- EXERCISE:
Below are entries; output exactly the lines from the one with "Infosys Limited, a" to the one with "Usai shalat tarawih, Gubernur", both included, and nothing else.

- TASK MATERIAL:
<<<<
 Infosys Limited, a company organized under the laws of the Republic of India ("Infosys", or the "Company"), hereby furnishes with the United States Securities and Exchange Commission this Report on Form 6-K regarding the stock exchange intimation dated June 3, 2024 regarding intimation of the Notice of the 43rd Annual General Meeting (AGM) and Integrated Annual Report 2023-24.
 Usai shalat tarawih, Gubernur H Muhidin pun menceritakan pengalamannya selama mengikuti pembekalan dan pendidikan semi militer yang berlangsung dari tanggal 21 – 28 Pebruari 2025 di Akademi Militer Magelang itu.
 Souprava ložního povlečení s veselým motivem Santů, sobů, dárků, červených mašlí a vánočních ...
>>>>
<<<<
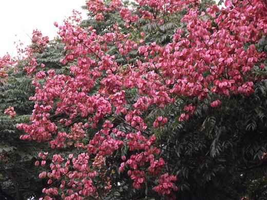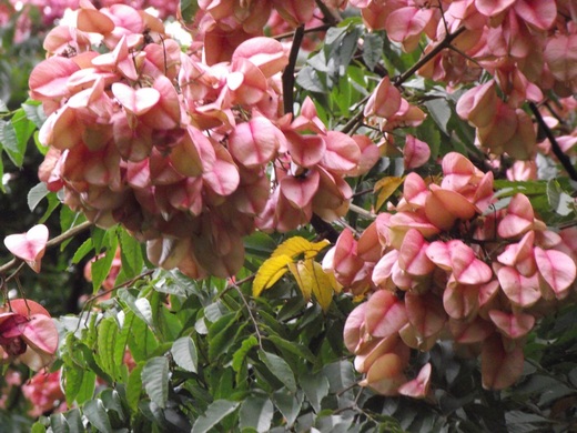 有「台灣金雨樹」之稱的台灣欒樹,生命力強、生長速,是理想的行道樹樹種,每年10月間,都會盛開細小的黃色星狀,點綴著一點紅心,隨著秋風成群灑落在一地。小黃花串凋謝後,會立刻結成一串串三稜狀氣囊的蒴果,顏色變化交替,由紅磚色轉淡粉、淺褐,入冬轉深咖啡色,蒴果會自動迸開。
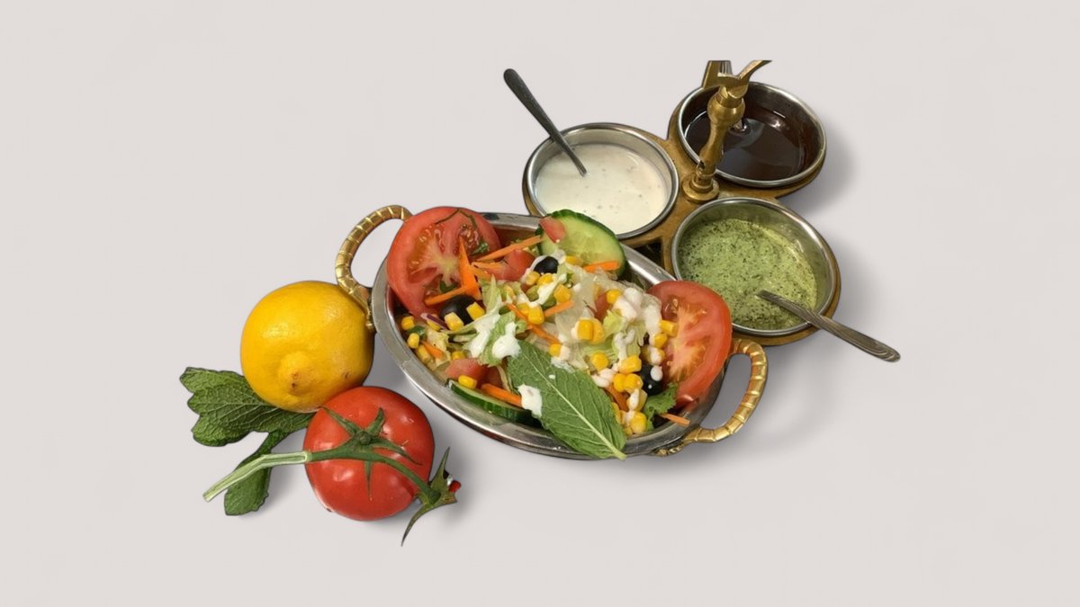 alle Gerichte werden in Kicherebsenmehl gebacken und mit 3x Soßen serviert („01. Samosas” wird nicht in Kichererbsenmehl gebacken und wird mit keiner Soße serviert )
>>>>
<<<<
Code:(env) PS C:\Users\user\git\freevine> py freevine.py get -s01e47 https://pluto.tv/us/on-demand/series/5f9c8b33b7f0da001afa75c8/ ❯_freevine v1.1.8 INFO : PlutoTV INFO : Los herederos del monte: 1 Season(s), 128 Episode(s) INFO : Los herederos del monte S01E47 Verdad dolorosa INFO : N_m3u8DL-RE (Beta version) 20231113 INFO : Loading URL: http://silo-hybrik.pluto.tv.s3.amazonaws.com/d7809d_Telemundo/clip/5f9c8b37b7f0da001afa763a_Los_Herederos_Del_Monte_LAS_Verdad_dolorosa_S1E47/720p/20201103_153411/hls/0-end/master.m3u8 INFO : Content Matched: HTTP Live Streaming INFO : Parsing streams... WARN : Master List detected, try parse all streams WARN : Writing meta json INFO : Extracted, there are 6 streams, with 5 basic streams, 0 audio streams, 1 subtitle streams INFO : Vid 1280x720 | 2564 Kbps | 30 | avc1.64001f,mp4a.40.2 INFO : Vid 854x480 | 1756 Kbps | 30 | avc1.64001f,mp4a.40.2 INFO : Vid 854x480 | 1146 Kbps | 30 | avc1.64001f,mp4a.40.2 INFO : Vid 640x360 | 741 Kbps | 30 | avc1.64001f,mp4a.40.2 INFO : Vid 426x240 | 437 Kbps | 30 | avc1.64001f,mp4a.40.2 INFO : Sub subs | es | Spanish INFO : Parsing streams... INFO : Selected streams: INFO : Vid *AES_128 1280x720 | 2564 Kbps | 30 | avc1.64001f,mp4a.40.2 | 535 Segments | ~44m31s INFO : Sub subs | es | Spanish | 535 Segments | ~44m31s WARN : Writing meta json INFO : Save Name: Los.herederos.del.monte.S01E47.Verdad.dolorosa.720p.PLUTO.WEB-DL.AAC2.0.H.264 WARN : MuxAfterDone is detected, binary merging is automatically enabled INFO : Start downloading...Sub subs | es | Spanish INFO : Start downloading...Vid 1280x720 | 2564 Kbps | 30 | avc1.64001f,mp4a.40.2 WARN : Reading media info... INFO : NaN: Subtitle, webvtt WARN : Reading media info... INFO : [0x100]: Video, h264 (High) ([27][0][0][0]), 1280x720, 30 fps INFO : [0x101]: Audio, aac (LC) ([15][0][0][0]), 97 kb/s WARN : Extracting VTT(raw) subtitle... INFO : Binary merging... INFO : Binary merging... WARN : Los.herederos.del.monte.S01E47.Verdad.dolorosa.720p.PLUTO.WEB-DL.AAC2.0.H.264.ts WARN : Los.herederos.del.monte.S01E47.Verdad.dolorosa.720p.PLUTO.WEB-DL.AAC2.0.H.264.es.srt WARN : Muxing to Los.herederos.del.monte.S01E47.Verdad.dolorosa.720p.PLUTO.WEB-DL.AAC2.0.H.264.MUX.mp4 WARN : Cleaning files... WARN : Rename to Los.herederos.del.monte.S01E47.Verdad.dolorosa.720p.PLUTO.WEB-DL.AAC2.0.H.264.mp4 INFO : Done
>>>>
- ANSWER:
 Infosys Limited, a company organized under the laws of the Republic of India ("Infosys", or the "Company"), hereby furnishes with the United States Securities and Exchange Commission this Report on Form 6-K regarding the stock exchange intimation dated June 3, 2024 regarding intimation of the Notice of the 43rd Annual General Meeting (AGM) and Integrated Annual Report 2023-24.
 Usai shalat tarawih, Gubernur H Muhidin pun menceritakan pengalamannya selama mengikuti pembekalan dan pendidikan semi militer yang berlangsung dari tanggal 21 – 28 Pebruari 2025 di Akademi Militer Magelang itu.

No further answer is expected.